Já as empresas prestadoras de serviço se vêem obrigadas a executar o trabalho
de mapeamento e digitalização para atender as necessidades dos clientes.
O mesmo ocorrendo com outros tipos de bases de dados, como perfis demográficos
e sócio-econômicos.
Nota-se também, que está havendo uma incrível prática por parte das prefeituras
de realizarem projetos utilizando o geoprocessamento. Estes projetos têm,
em geral, como um de seus pilares a preparação de uma base digitalizada
dos logradouros, bem como dos lotes pertencentes às quadras da localidade.
Isto tem ocorrido com bastante intensidade no interior de São Paulo.
O município do Rio de Janeiro já disponibilizou para a população a base
digitalizada da cidade em CD-ROM. Nela, estão contidas informações georeferenciadas
da cidade, como escolas municipais, corpo de bombeiros, pontos turísticos
e outras informações relacionadas aos logradouros da cidade. Neste produto,
o usuário pode inserir pontos, bem como criar mapas temáticos. O fato
negativo é que a prefeitura não disponibiliza a base bruta para que comunidade
possa desenvolver aplicações em ambiente GIS com outros softwares.
Existem outros inúmeros exemplos que demonstram a iniciativa isolada e
pouco coordenada no desenvolvimento de bases de dados.
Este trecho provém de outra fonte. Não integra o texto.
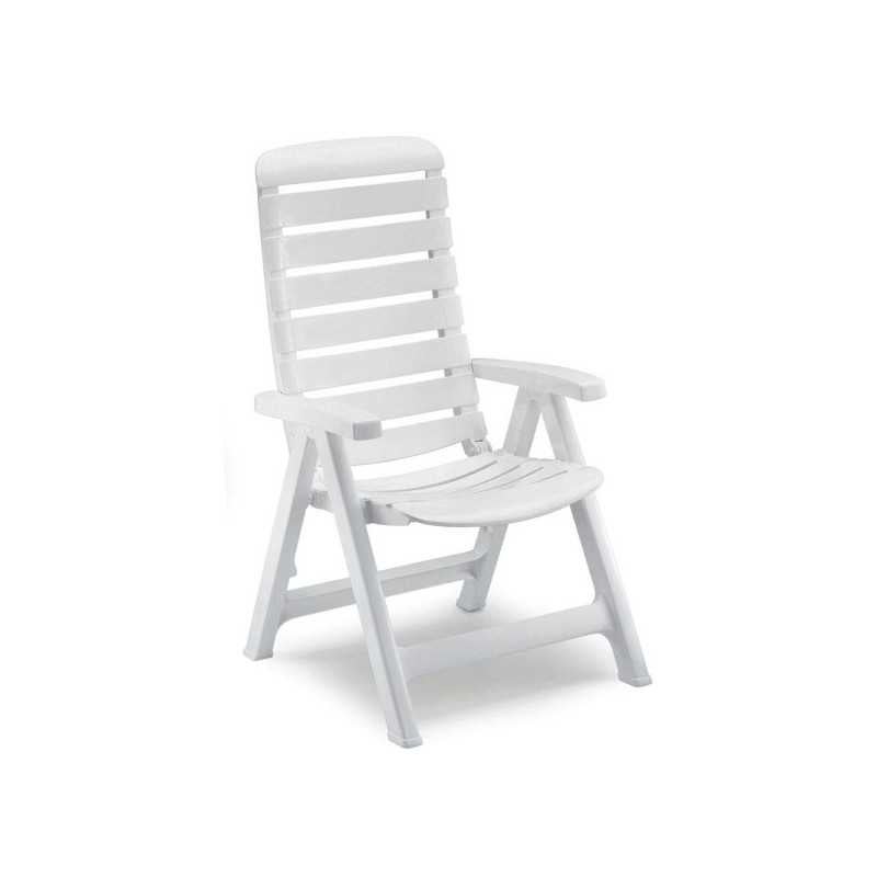 Fauteuil pliant en résine blanche de première qualité, 100% recyclable, résistante aux agents atmosphériques, à la moisissure, au smog et à la poussière. Il est équipé d'accoudoirs et d'un dossier confortable réglable sur cinq positions. Ne convient pas aux surfaces parfaitement lisses ni à un usage professionnel. Mesurant 60x67x108 cm. Modèle Cléopâtre, marque Scab
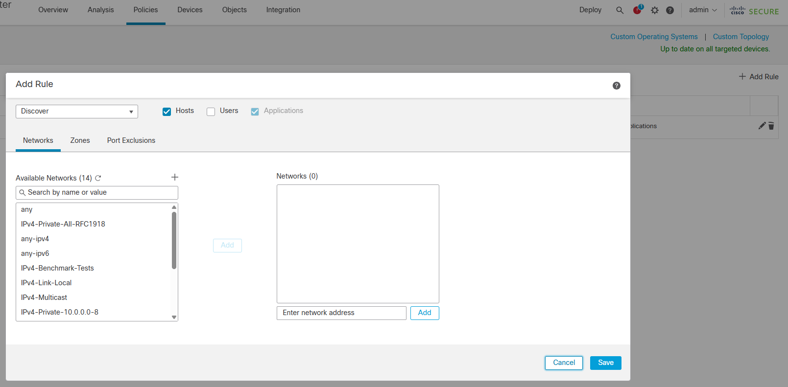 FMC >analysis > hosts > network MAP 확인.
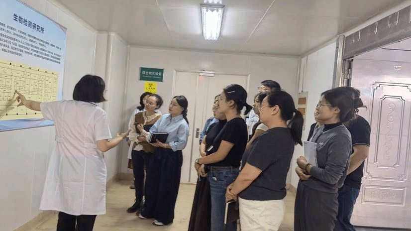 座谈会结束后,参观活动进入核心环节 —— 实验室现场观摩。9 时 30 分至 11 时 30 分,在检验院专业讲解人员的引导下,团队首先走进药品检验实验室。讲解人员围绕药品质量控制全流程,通过现场演示成分分析、纯度检测等关键检验环节,直观呈现了高效液相色谱仪、气相色谱仪等精密仪器的操作流程,并深入解读药品从原料入厂到成品出库的全周期质量管理体系,让在场教师对药品检验的严谨性与规范性有了更深刻的理解。
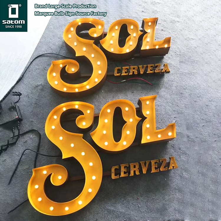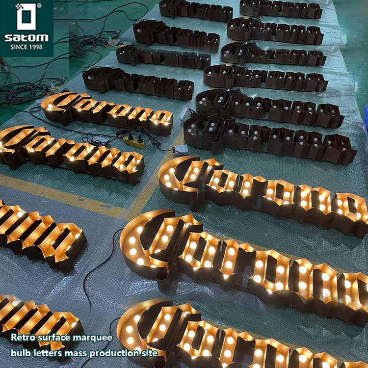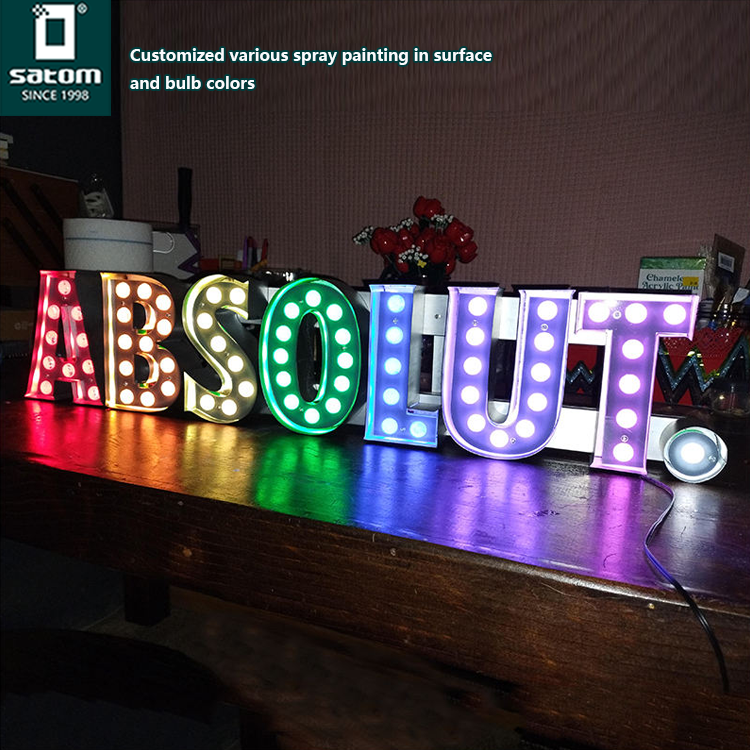 Vintage Marquee lettre lumière signe ampoule néon Logo signe 3d signalisation traitement de surface différent enseigne lumineuse personnalisé
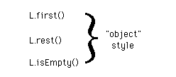 class List { : : void push(Object ob) { firstCell = new Cell(ob, firstCell); } Object pop() { Object result = firstCell.First; firstCell = firstCell.Rest; return result; }
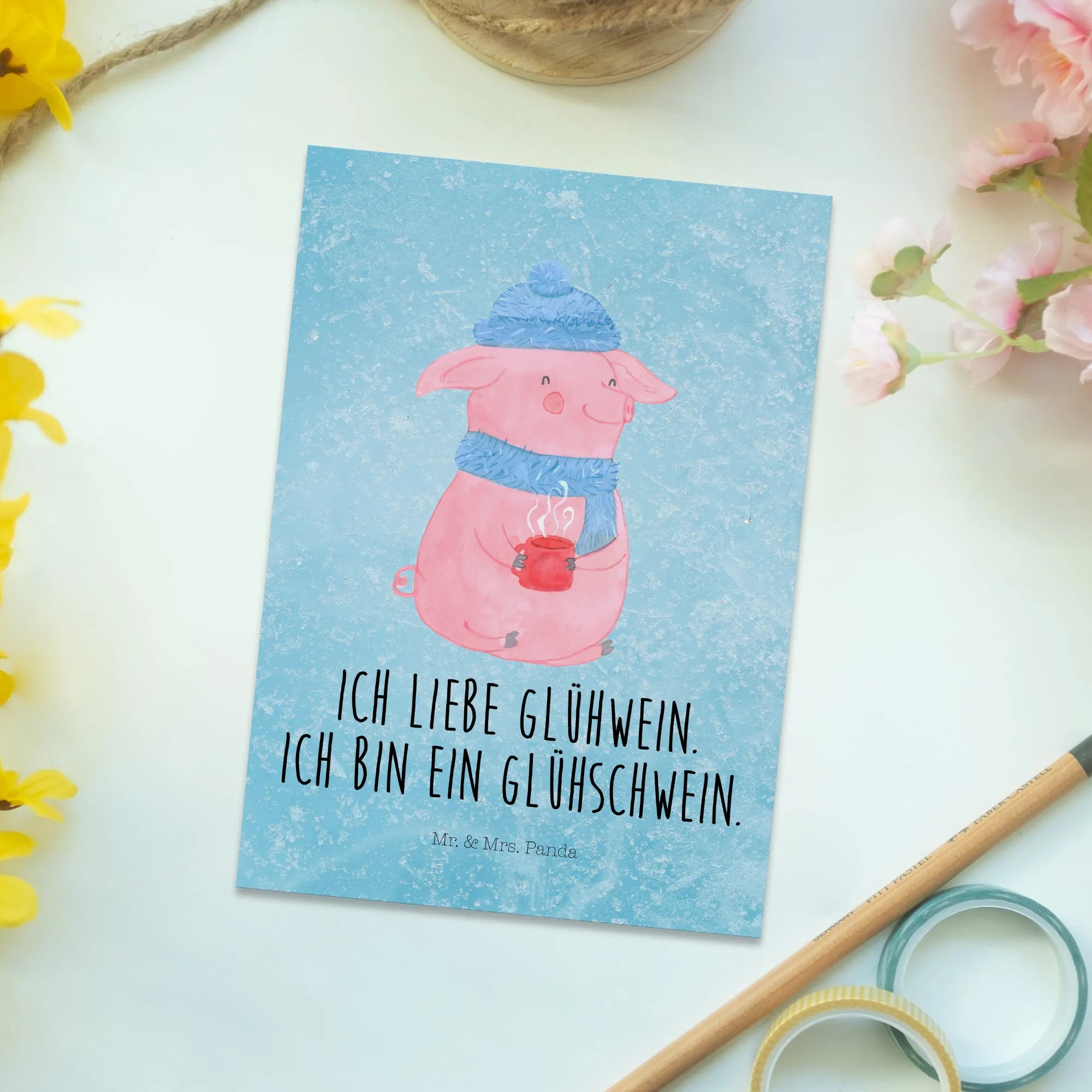 Picture a cozy winter day at the Christmas market, where the air is filled with the sweet scent of spices and warm happiness. Our beloved mulled pig, dressed snugly in its blue hat and matching scarf, proudly holds a steaming cup of mulled wine, radiating warmth and joviality. This charming piglet embodies the festive spirit of winter, making you want to cuddle up with a warm drink and enjoy the delightful camaraderie of the season. The saying 'Ich liebe Glühwein. Ich bin ein Glühschwein.' captures the essence of this joyful scene, inviting you to embrace the warmth and cheer of winter festivities alongside our lovable pig.

Isto traz, sem
dúvida, duplicação de esforços, resultando em maiores custos nos projetos.
Falta por parte do governo federal uma política que incentive, regulamente
e estabeleça regras e responsabilidades no que diz respeito à preparação
de bases de dados.
Novas tendências
O que podemos perceber como novas tendências no uso de GIS na logística
relaciona-se ao desenvolvimento de produtos que compartilham a tecnologia
GIS com bases de dados específicas, o uso da internet para veicular
mapas e disponibilizar informações para os clientes on-line e a
intensificação no uso de SDSS nas empresas.
O desenvolvimento de novos produtos visam facilitar a utilização de recursos
GIS na solução de vários problemas. Estes produtos são baratos e de fácil
acesso, e em geral disponobilizam um desktop mapping juntamente
com uma base de dados específica. Um exemplo deste tipo de produto foi
lançado recentemente em São Paulo.
O uso da internet para veicular mapas já é bastante comum nos EUA.
Esta opção é adotada porque tem um custo baixo e possibilita atender o
cliente de forma diferenciada.
Por fim, está sendo esperado um aumento significativo na utilização de
SDSS nas empresas. Isto é justificado pelo aumento do número de variáveis,
principalmente geográficas, consideradas nas análises. Com isso, as decisões
ficam cada vez mais complexas e a necessidade do uso de tal ferramenta
torna-se fundamental para a competitividade da empresa. Algumas organizações
já estão adotando os SDSS na formulação do planejamento estratégico.